But our community knows how to survive! They find every way possible to survive and live! Not only that, but they find ways not only for themselves, but for their entire families too. It doesn’t matter if they live day-to-day, month-to-month as long as the remittances get sent back home enough for our families to eat.
No calls to “Abolish ICE”, “Abolish Detention Centers,” “Abolish” anything will work (which ironically, essentially, are all reforms). No pleas, no calls, no lobbying, no marching, nothing deemed legal by the state will work. All roads are dead ends, unless they have revolutionary theory to guide their way and put their words into practice.
Now, a new contradiction arises in our communities: gentrification. Our nation’s people, who are forced to flea from its country, is now being evicted again. Rents are going through the roof and now entire families have to find room in a crowded bed, find space on the floor, use those sofa pillows as makeshift beds in order to afford to pay rent.
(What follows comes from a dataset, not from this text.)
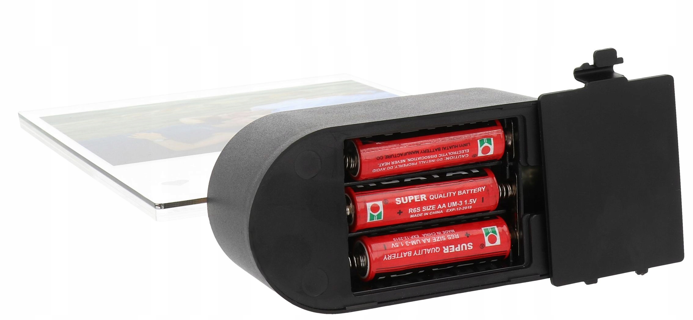 Рамка живиться від батарейок (3 x R6 AA популярних ручок) або від кабелю зі штекером типу "B" (не входить до комплекту)

This country treats us like a nuisance, a nuisance it happily shoves into corners as it extorts all the money we make – through exploitation and oppression. It is time we organize, militarize and fight back violently.
The revisionists in the FMLN told us, “We fought the war so that you would not have to.” These revisionists betray us and our families. They missed the essence of the People’s War. The war is not over and neither is our will. The time to organize is now. Learn from Comandate Marcial and the revolutionary FPL-FM, the FAPL and the BPR. Look to Serve the People – Los Angeles and the Unidades de Defensa Populares Revolucionarias. Look to our people and class! Because nothing less than People’s War will bring about the final victory. Nothing less than our courage to stand up for what is right will create the change our communities so desperately need. Come! Salvatruchas, join us! Join us in our vision! Join us as we grow and progress! Join us on this road to Communism! Join us as we fight! Because if you’re not fighting, then you’re already dead.
Long live the Salvadoran masses!
Long live Comandante Marcial!
Long live the Salvadoran People’s War!